N. 03286/2024 REG.RIC.
REPUBBLICA ITALIANA
IN NOME DEL POPOLO ITALIANO
Il Tribunale Amministrativo Regionale per il Lazio
(Sezione Quinta)
ha pronunciato la presente
SENTENZA
sul ricorso numero di registro generale 3286 del 2024, proposto da
RI IS ON, rappresentata e difesa dall'avvocato Nicola ON, con domicilio digitale come da PEC da Registri di Giustizia;
contro
Agea Agenzia per Le Erogazioni in Agricoltura, in persona del Direttore in carica, rappresentato e difeso dall'Avvocatura Generale dello Stato, domiciliataria ex lege in Roma, via dei Portoghesi, 12;
per l'annullamento
del rifiuto della resistente formatasi sulla richiesta di accesso agli atti e conseguente estrazione di copie - ex legge 241/90 s.m.i. - notificata in data 11/01/2024.
Visti il ricorso e i relativi allegati;
Visto l'atto di costituzione in giudizio di Agea Agenzia per Le Erogazioni in Agricoltura;
Visti tutti gli atti della causa;
Relatore nella camera di consiglio del giorno 16 aprile 2025 la dott.ssa Virginia Arata e uditi per le parti i difensori come specificato nel verbale;
Ritenuto e considerato in fatto e diritto quanto segue.
FATTO e DIRITTO
Con ricorso depositato il 25 marzo 2024 e ritualmente notificato l’odierna ricorrente ha domandato l'annullamento del rifiuto della resistente formatasi sulla richiesta di accesso agli atti e conseguente estrazione di copie - ex legge 241/90 s.m.i. - notificata in data 11/01/2024 avente ad oggetto la documentazione relativa al D.I. emesso dal Tribunale di Napoli e recante il n. 2081/1994 nonché della documentazione posta dalla resistente a fondamento dell’ordinanza – ingiunzione n. 7155/2008 del 22.12.2008.

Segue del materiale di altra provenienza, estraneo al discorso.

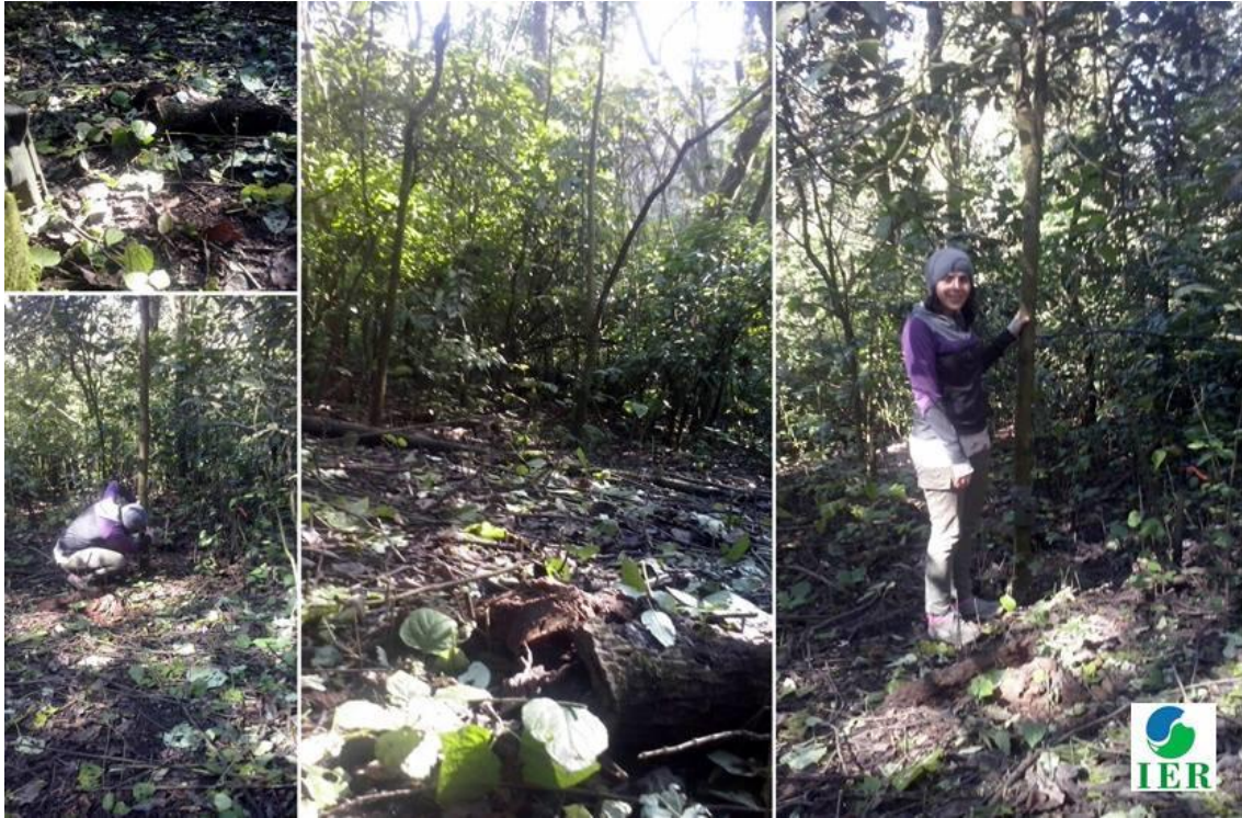
Trap-cameras collocation during field sampling in Yungas forests
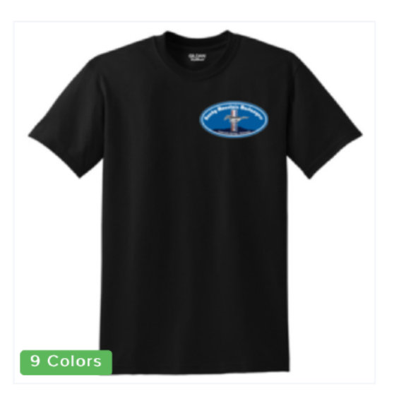
Gildan - DryBlend 50 Cotton/50 Poly T-Shirt $12.00
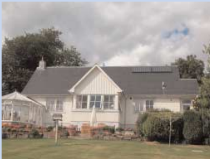
Fig 1: Solar water heating system installed in a Perthshire home.

Si è costituita in giudizio l’Amministrazione depositando la documentazione volta a comprovare l’avvenuta risposta all’istanza di accesso, con conseguente declaratoria di cessazione della materia del contendere.
Con memoria depositata il 24 maggio 2024 parte ricorrente ha insistito per la condanna dell’Amministrazione all’ostensione della documentazione richiesta, con particolare riguardo alla raccomandata a/r di messa in mora all’AIMA n. 3815 del 30.06.93 - 01.07.1993, il cui mancato depositato ha rappresentato motivo di rigetto dell’opposizione proposta dalla ricorrente ON RI IS all’ingiunzione fiscale dell’AGEA come risulta dalla depositata sentenza n. 22054/2011 del Tribunale di Roma.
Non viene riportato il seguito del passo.